Происшествие в Никольском (сборник) - страница 44
Она побывала у онколога, у других врачей, волновалась перед их кабинетами, ожидая приема, дрожала и, несмотря на свою сознательность, готова была молиться, чтобы у матери не было страшного. Врачи ее немного успокоили, сказали, что они ничего не утаили от матери, а какого свойства опухоль, покажет гистологический анализ, они надеются, что анализ будет хороший («На плохой, что ль, им надеяться!»), но операцию следует делать в любом случае, и Вера, как будущий медик, должна это понять. «Да, конечно», – кивнула Вера. Здоровье матери вообще нашли не ахти каким – и сердце, и сосуды, и нервы, – и Вере («Отец с вами не живет, да?»), как человеку уже взрослому и вставшему на ноги, нужно было стараться, чтобы жизнь матери шла сытая и спокойная. «Да, да, я понимаю», – сказала Вера.
На улице она снова жалела мать и кляла себя, обещала уберечь мать от любых волнений. «Выросла скотина, – казнила она себя, – скотина и есть. Муж у матери хорош попался, а теперь и дочка выросла!..» Сейчас она сама подумала, не написать ли отцу в Шкотово, не упросить ли его со слезами вернуться ради матери и младших дочек, но тут же решила, что и вправду не стоит унижаться, да и вряд ли бы возвращение отца сделало жизнь Навашиных благополучной. В Никольском долго гадали, отчего это человек надумал завербоваться куда-то на Тихий океан, в дыру, провонявшую рыбой, да еще и из сытого поселка, что у столицы под теплым боком. Почти из самой Москвы. Длинный рубль в расчет не брался, потому как и на месте при желании можно было иметь любые деньги. Посчитали, что Навашин, мужик в самом соку, просто-напросто сбежал от жены, поскольку она женщина стала уже никакая. Якобы спьяну он болтал так одному из своих приятелей, и слов этих, возможно и приписанных ему, но вполне вероятных, Вера не могла простить отцу. Разводиться он не стал, может, по лени, а скорей всего, чтобы при нужде было к кому вернуться в Подмосковье. Дочерей он, видимо, любил и скучал по ним, но деньги посылал не по правилам, редко был щедрым, а подавать на него в суд мать по доброте своей не хотела. Наверняка были теперь у него в Шкотове женщины или одна постоянная баба, хитрая или, как мать, несчастная, и писать ему о тяжком положении матери и ее болезнях было бы сейчас нехорошо, унизительно и даже стыдно. Вера не хотела сообщать отцу про свою беду, не желала ни сочувствия его, ни совета, она вообще не хотела, чтобы он узнал о случившемся. Они жили кое-как без него, проживут без него и теперь.

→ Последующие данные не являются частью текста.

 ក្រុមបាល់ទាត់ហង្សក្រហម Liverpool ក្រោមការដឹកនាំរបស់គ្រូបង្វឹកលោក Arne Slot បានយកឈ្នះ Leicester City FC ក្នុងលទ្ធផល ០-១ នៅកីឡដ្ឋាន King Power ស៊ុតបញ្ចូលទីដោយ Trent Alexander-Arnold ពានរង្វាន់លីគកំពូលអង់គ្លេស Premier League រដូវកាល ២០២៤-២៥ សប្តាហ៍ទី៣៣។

Сергей так и не появлялся. Вера сидела дома. Продукты мать закупала сама, видно стараясь уберечь дочь от появлений на людях и лишних разговоров, и Вера не противилась ее старанию, хотя и обещала себе не избегать никольских жителей и не бояться их пересудов. Дома было одно и то же – книги, телевизор, кухня, стирка, хлопоты на огороде, – и Вера неожиданно для самой себя заскучала по Вознесенской больнице, красностенной, похожей на крепость, и по своей несладкой службе санитарки.

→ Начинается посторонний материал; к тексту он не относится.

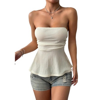 Coolmee Womens Peplum Tube Tops Smocked Sleeveless Strapless Bandeau Summer Cute Ruffle Tank Top

Она представляла, как сердилась и расстраивалась Тамара Федоровна, главный врач Вериного отделения, узнав, что Навашиной нет на месте, а потом, когда Нина ездила в Вознесенское и рассказала о Вериной болезни, с какой неохотой поставила в Верину смену Нюрку Слегину. Нюрка относилась к своему делу цинично, нянечкой работала без году неделю, а уже набралась, как говорила Тамара Федоровна, равнодушия. Нюрка Слегина вела себя нагло, знала, что медперсонала в больнице не хватает и никто ее не уволит, не боялась даже врачей и выказывала себя чуть ли не главным человеком в отделении. Впрочем, врачей-то она не боялась, зато боялась Веру, та могла ее и высмеять, и осрамить при народе. Поэтому сейчас вряд ли для Вериных больных, особенно для тех, кого она привечала на Нюркиных глазах, наступили лучшие дни.